Every team had a shot at Kodai Senga.

Even the Fukuoka SoftBank Hawks, who ultimately ended up with him, passed on the right-hander a few times during the 2010 draft before taking him as a fourth-choice developmental player.

Oh how he has developed.

Fast-forward almost a decade later and Senga is one of Japan’s top pitchers. On Saturday night in Fukuoka, he pitched in Game 1 of the Japan Series for the third time in as many years. Even after a slow start, he left the mound having thrown seven innings of one-run ball in SoftBank’s 7-2 win.

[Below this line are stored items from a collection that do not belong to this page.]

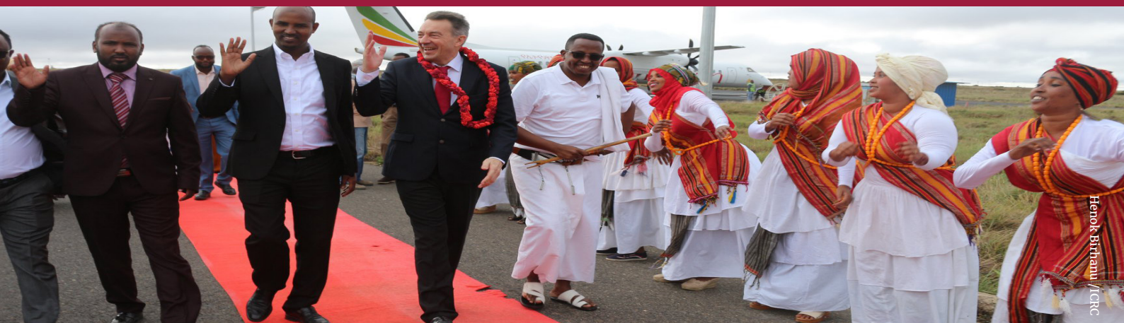
ICRC President, Peter Maurer, accorded warm welcome up on his arrival at Jigjiga airport as part of his visit to Ethiopia.

The ICRC is present in Ethiopia since the beginning of the 1977 Ethio-Somalia armed conflict. Its current main activities in the country are: addressing the humanitarian needs of the people affected by conflict and violence through an integrated multi-disciplinary response, and reinforced protection dialogue with weapon bearers, visiting places of detention so as to ensure both the treatment and conditions of detainees are matching international standards. Helping people with physical disabilities (PWDs) get access to quality and sustainable physical rehabilitation services. It also works closely with the Ethiopian Red Cross Society (ERCS) to restore family links among people separated by armed conflict and other situations of violence and provides assistance mainly to people displaced by ethnic conflict. The ICRC also promotes the knowledge of International Humanitarian Law (IHL) among members of defense and police forces as well as higher learning institutions, legal professionals and policy makers.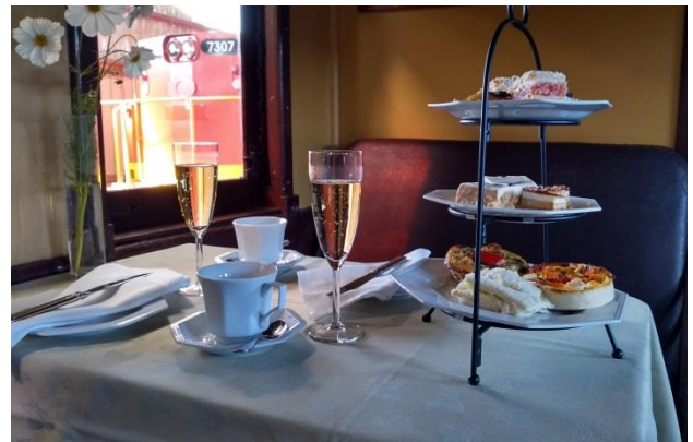
We can't wait to host you at High Tea in our new café!

The café is yet another innovative way guests and visitors can enjoy our railway journey.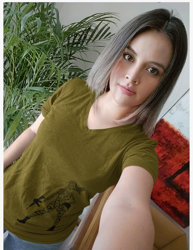
Verve United Freedom Sisters t-shirt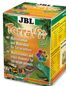
JBL TerraVit Powder Vitamins and trace elements for terrarium animals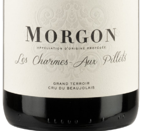
DOMAINE DE COLONAT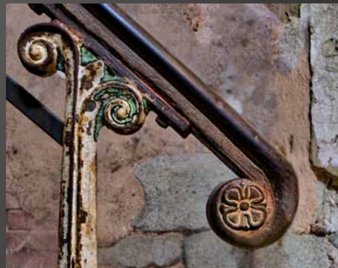
4th Place - Ron Peiffer "Functional Art"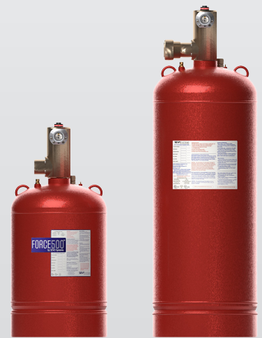
500 PSI (322 Lb.)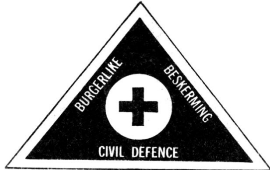
6. First Aid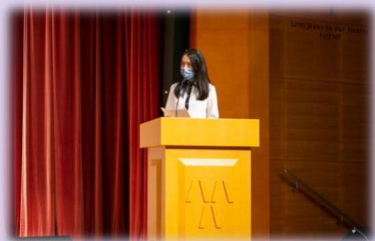
Class teacher reading out the names of their students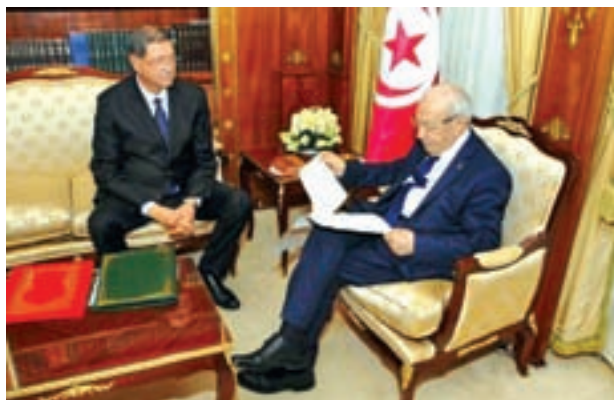
Tunisia’s nominated prime minister Habib Essid (L) gives the list of the new government to President Beji Caid Essebsi in Tunis on 23 Jan, 2015.

the programme of Nidaa Tounes with the help of the other parties. It is a government for all Tunisians to apply democracy,” Essid said.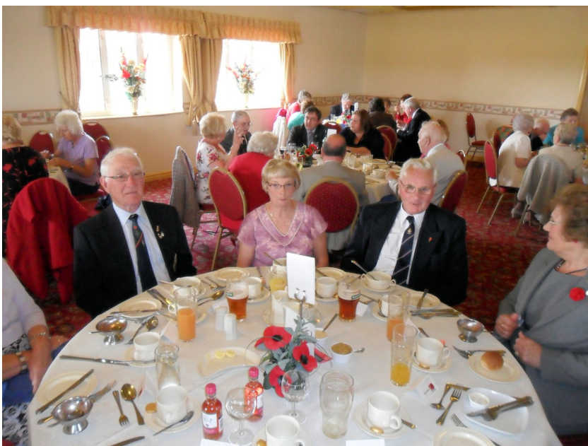
One of the Warsop branch tables at the County Lunch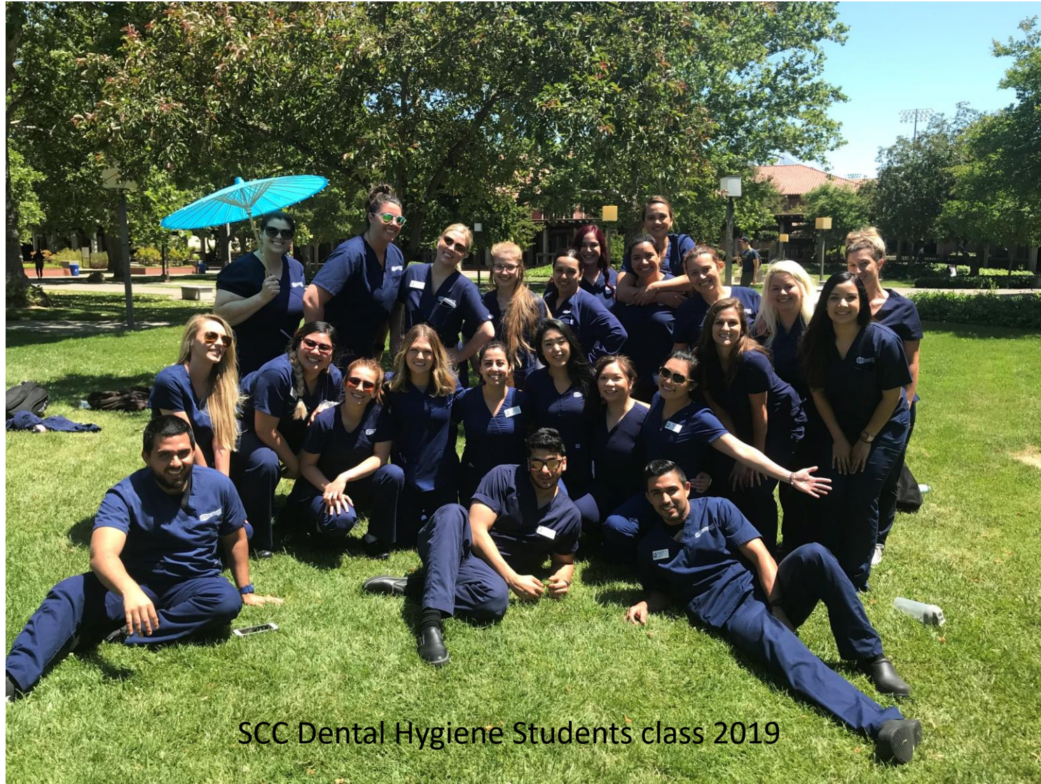
SCC Dental Hygiene Students class 2019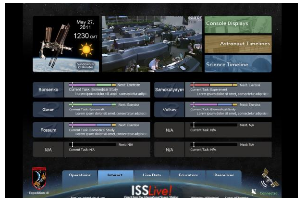
Figure 1. Concept View of the Overview Timeline Screen in ISSLive!

University, it was shown that there is an interest in knowing what is going on onboard the ISS, and that during certain activities such as extra-vehicular activity (or a spacewalk) this interest increases greatly. 2 Due to this demonstrated interest in the daily lives of astronauts on board, ISSLive! includes several different timeline displays for the public. The first display, as shown in figure 1, provides an overview for all of the crew members onboard at the specific time of day that the user is looking at.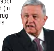
Mexican President —Andrés Manuel López Obrador

It is a very regrettable fact that a former Defence Minister (Salvador Cienfuegos) has been arrested (in the US), accused of links to drug trafficking. Of course, all of this must be proven.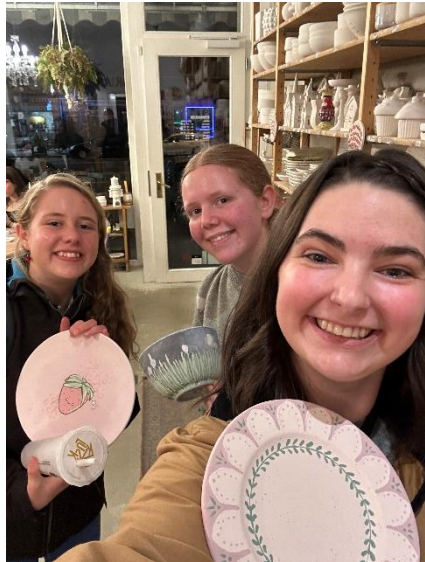
The girls' day out for their birthdays which included bubble tea and pottery painting 🍷 🎨

in the hospital for the birth of their new little boy. Something I felt so honored they trusted me to do. The girls were easy on me, we had lots of fun, and I only forgot the 2-year-old's shoes once (and we didn't make it very far before she let me know her feet were cold!). I also took my boss's two teenage girls out for a day to celebrate both of their birthdays that happened over the Fall. I remember how special it was to me growing up to have aunts and other godly women around me. Those whom I could look up to, spend time with, and who would disciple me. I feel God has now put me in a position to be that person for other girls.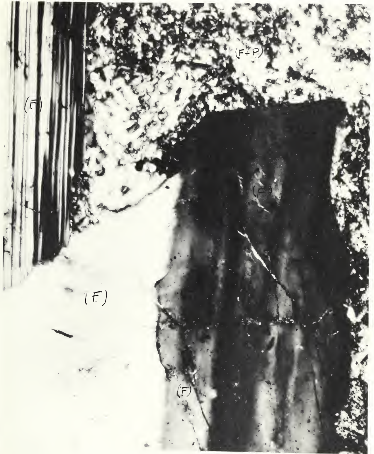
Figure 3. Photomicrograph of Napa Quarry (300x) (Crossed Nicols). Showing zoned Plagioclase Feldspar crystals (F) in a matrix of fine feldspars and pyroxene (F & P). Secondary quartz may be present. Rock in hand specimen appears porous and altered.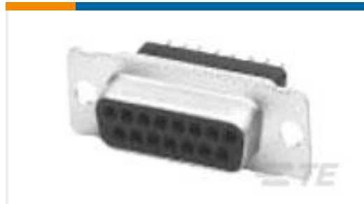
TE Part #5745191-1 50 RCPT SP/MS STD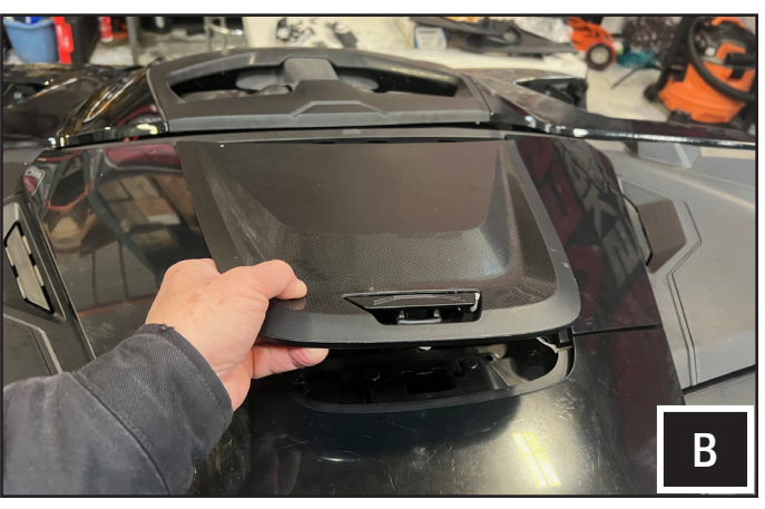
B. Remove the front fuse box cover.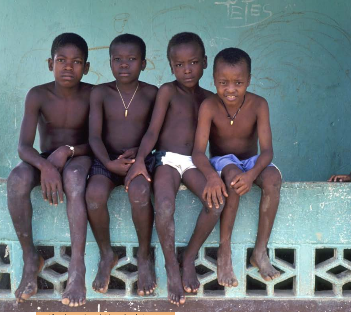
Afro-descendant children, South America.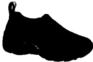
15. Brown Jungle Moc 15B. Black Leather Jungle Moc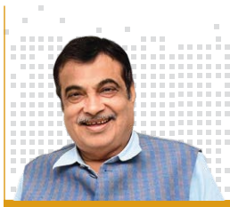
Mr Nitin Gadkri

Hon'ble Minister of MSMEs and Road Transport & Highways, Government of India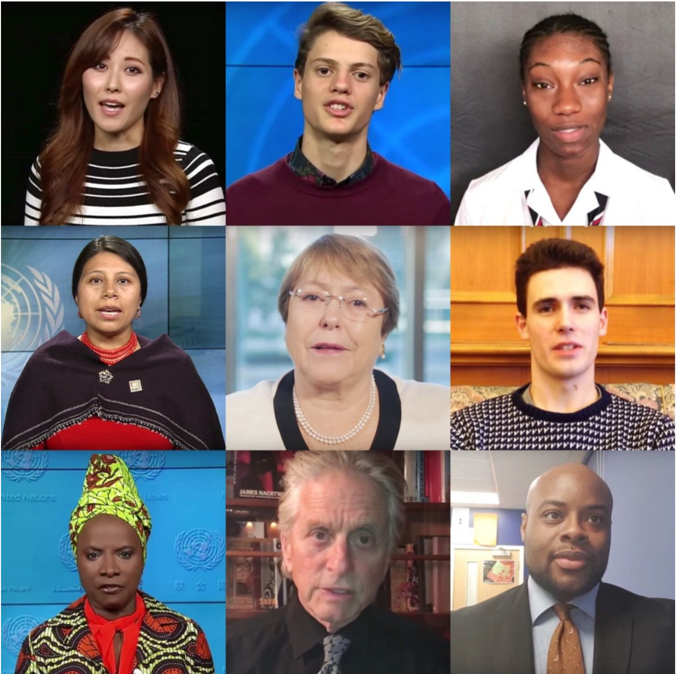
( https://www.un.org/en/udhr-video/ )

Watch and listen to people around the world reading articles of the Universal Declaration of Human Rights in more than 80 languages. ( https://www.un.org/en/udhr-video/ )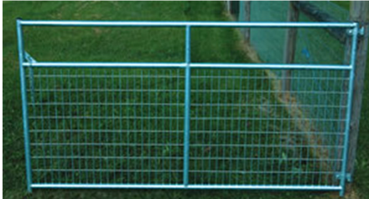
Typical Drive-through Gate Type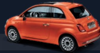
562 Sicilia Orange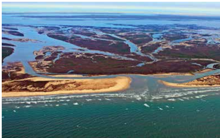
Aerial photo of the opened Cedar Bayou, March 2016.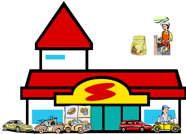
Figure 4: The State of the System at 12:00:40 PM

We also update our statistics at this time. As we described in at time 12:00:20 PM, we look at what has happened since the last time we updated the statistics in order to determine the new values for the statistics. So, what number will we use to calculate the new average number of cars waiting for the Order Window , 2 (the number in line at 12:00:20) or 1 (the number in line now)? The answer is 2 because from time 12:00:20 PM to 12:00:40 PM there were 2 cars waiting in line. The new values for the statistics are shown in Table 6.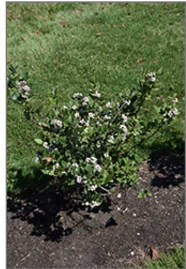
Elliott Blueberry fruit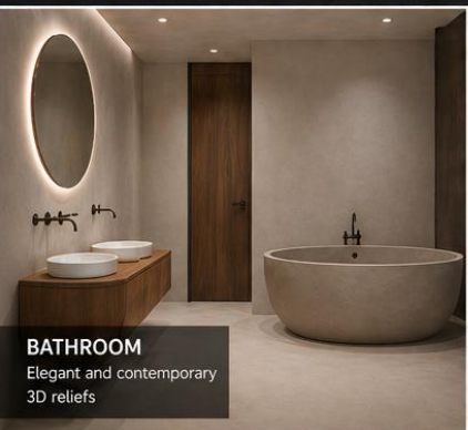
BATHROOM Elegant and contemporary 3D reliefs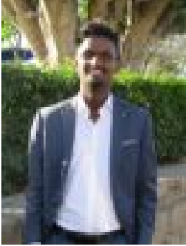
Rentals Wentworthville 0410325558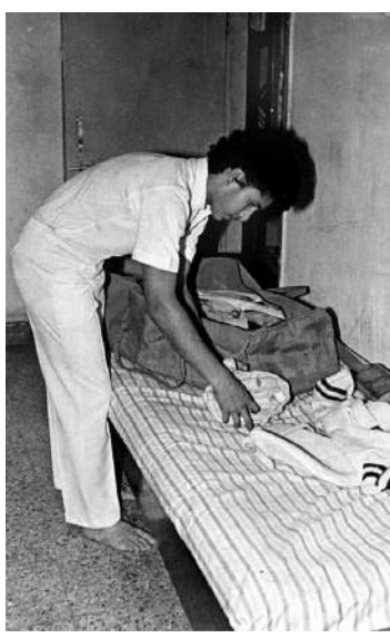
Packing my kitbag at my uncle and aunt's place in Shivaji Park as a 14-year-old. I owe them so much.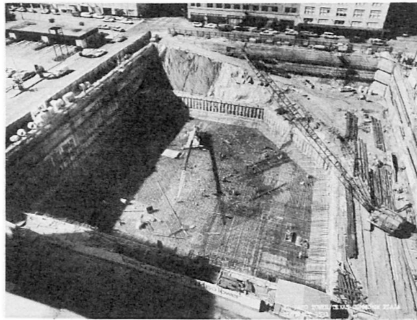
Fig. 3 Mat foundation

The 3 m thick with 11,622 m 3 of concrete was poured in two pours approximately equal in quantity. Because of the physical constraints in constructing such a mat foundation, the placement of the mat was done during weekend and at night between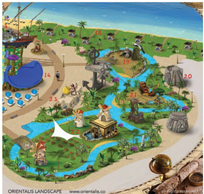
ORIENTALIS LANDSCAPE www.orientalis.co All rights reserved

It's also been requested by a client to construct private villas with pools so families can enjoy their own space. Either way, families are destined to have a memorable experience! ■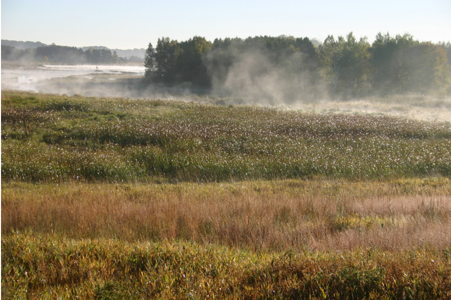
Figure 4. The prairie and wetlands at Saint John's.

although land survey records mention the presence of bur oak. Regardless, the Saint John's Arboretum has restored an 11-acre area to the east of the Gemini Lakes. A botanical survey of this area by CSB student Rebecca Guza in 2001 reported 80 species in this relatively small area.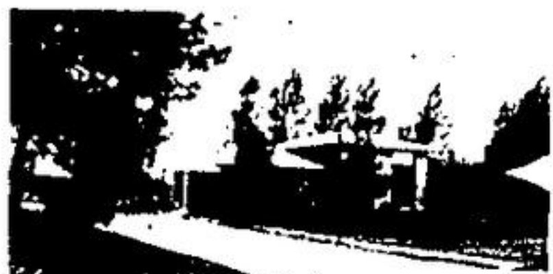
MINI FARM - FIVE ACRES. Barn with loft and paddock, completely fenced corral. Lovely sidesplit home, nicely decorated, built-in appliances, 3 bedrooms, office, rec. room. Located within easy commuting distance to 401. Priced at $134,500.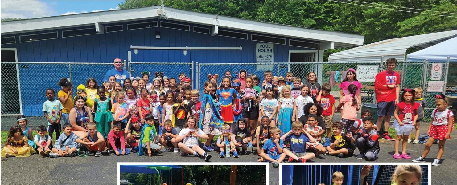
Pictured Left: Children in our Playground Program cool off at the splash pad.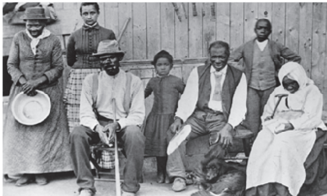
Harriet Tubman, far left, with freed slaves. Though slavery was declared unconstitutional under the 13 th Amendment, racial segregation was the norm until the Civil Rights Movement and court challenges in the mid-20 th century.

The most common constitutional violations went unchallenged because the people whose rights were most often denied were exactly the members of society who were least aware of their rights and least able to afford a lawyer. They basically had no access to the courts. More than a century would pass before the U.S. Supreme Court even had the opportunity to protect individual rights. For its first 130 years, the most notable thing about the Bill of Rights was its almost total lack of implementation by the courts.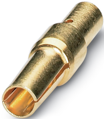
Crimp contact, turned, Single contact, contact diameter: 1 mm, crimp range: 0.5 mm 2 ... 1 mm 2

Please be informed that the data shown in this PDF Document is generated from our Online Catalog. Please find the complete data in the user's documentation. Our General Terms of Use for Downloads are valid ( http://phoenixcontact.com/download )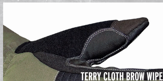
TERRY CLOTH BROW WIPE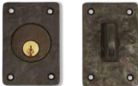
30-265 Patio Deadbolt Square 30-250 Patio Bolt Square 2" x 3"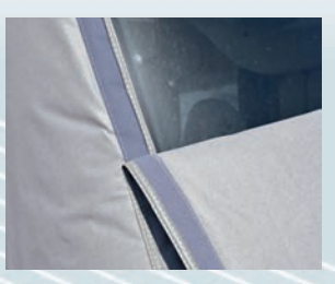
Fold down front with hook-andloop fasteners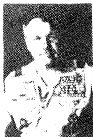
COL. JAMES "BO" GRITZ PALO ALTO, CA. 7/91 $20.00...2 Hour...Video Tape

To Order Call: America West 1800-729-4131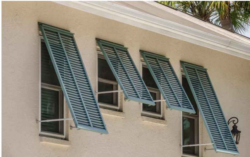
Exterior Shutter sample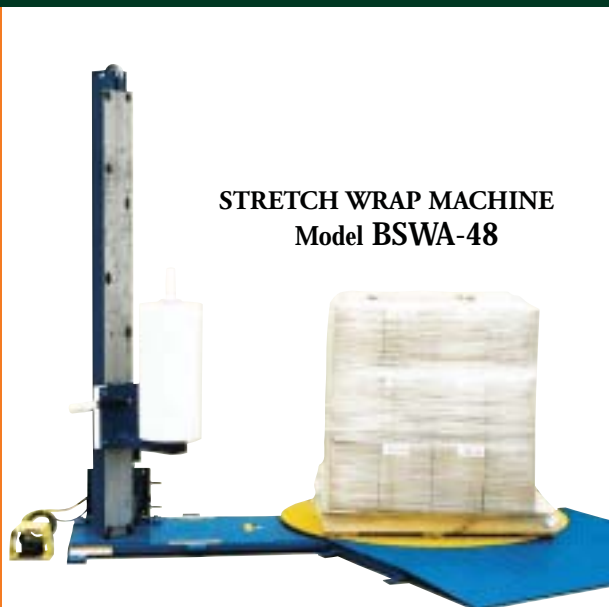
STRETCH WRAP MACHINE Model BSWA-48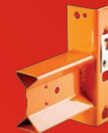
I-Beam. Don't pay for steel you don't need.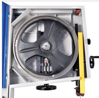
Heavy Duty Cast Iron Wheels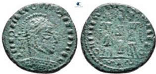
1882 Constantine I the Great AD 306-337. Contemporary imitation. Uncertain mint Nummus Æ 17 mm, 2,59 g nearly very fine 10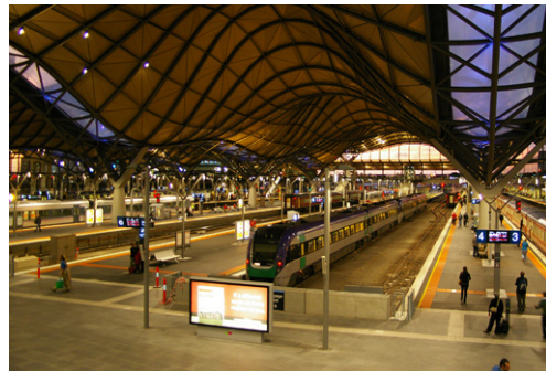
Spencer Street Station (aka Southern Cross)

Contact Pat or Audrey Stenson on 6040 5446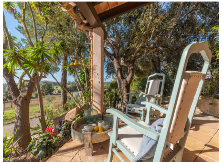
Idyllic seating area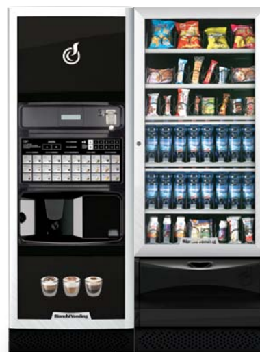
VISTA L + LEI700 PLUS

VISTA L, automatic spiral refrigerated 3° C vending machine for the sale of snacks, confectionary, sandwiches, yogurts and other fresh perishable foodstuffs, cans and bottles available in slave version.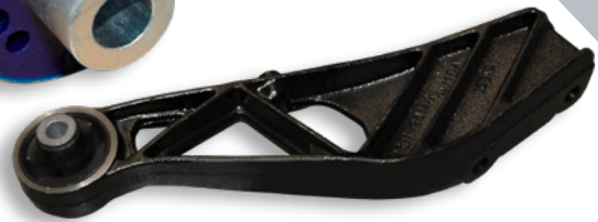
Complete Mounting - ADT38056C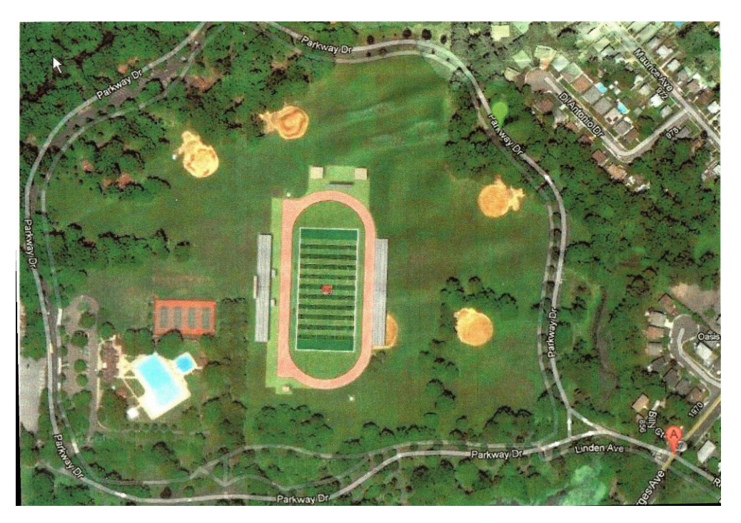
Fig. 2. Rahway River Park as seen from above.

Rahway River Park in Union County, NJ, USA (Fig. 2) was chosen as a case study to demonstrate the way of using the universal standard. This park is well-documented in the history of landscape design and well-known internationally, as it was designed by the Olmsted brothers. Firstly, this place was recommended to the author by regular parkgoers who described it as a good place to disengage from the problems of everyday life. One of them described this experience: "After one hour spent in the park, the weariness of the daywork in front of the computer disappears. I come back home from this park with new energy." The research question was what makes this park a health-promoting place in terms of the architectural and landscape design? (Fig. 2-10).

Game 1 was Senga’s third appearance of the postseason. He didn’t have a great start to the Pacific League Climax Series, allowing four runs in seven innings against the Tohoku Rakuten Golden Eagles in the first stage. He pitched in Game 3 of the final stage, striking out 10 over eight scoreless innings against the PL champion Seibu Lions.

“Pitching in the Japan Series is hard both physically and mentally,” Hawks manager Kimiyasu Kudo said. “He pitched for us during the Climax Series, and there wasn’t a lot of time between first stage and final stage and also between the climax and the end of the season. He’s probably been throwing through some fatigue but he’s giving everything he’s got. Even through all that, today, seven innings with one run allowed is pretty amazing.”

Senga gave up a home run to Shinnosuke Abe in the second inning on Saturday but not much else. From the third inning through the seventh, he allowed two hits, walked two and struck out four. He retired 11 straight batters at one point in that stretch.

Senga pitched with velocity, hitting 159 kph with his first pitch of the night, and flummoxed the Yomiuri batters with his array of pitches.

“Takuya told me we were going to use all my pitches to hold them down,” Senga said, referring to catcher Takuya Kai, who was also drafted as a developmental player in 2010. “So I just pitched and put my trust in Takuya.”

He was also aided by Yurisbel Gracial’s two-run homer in the second inning, which gave him the lead, and second baseman Taisei Makihara’s diving catch on a liner by Takumi Oshiro in the seventh.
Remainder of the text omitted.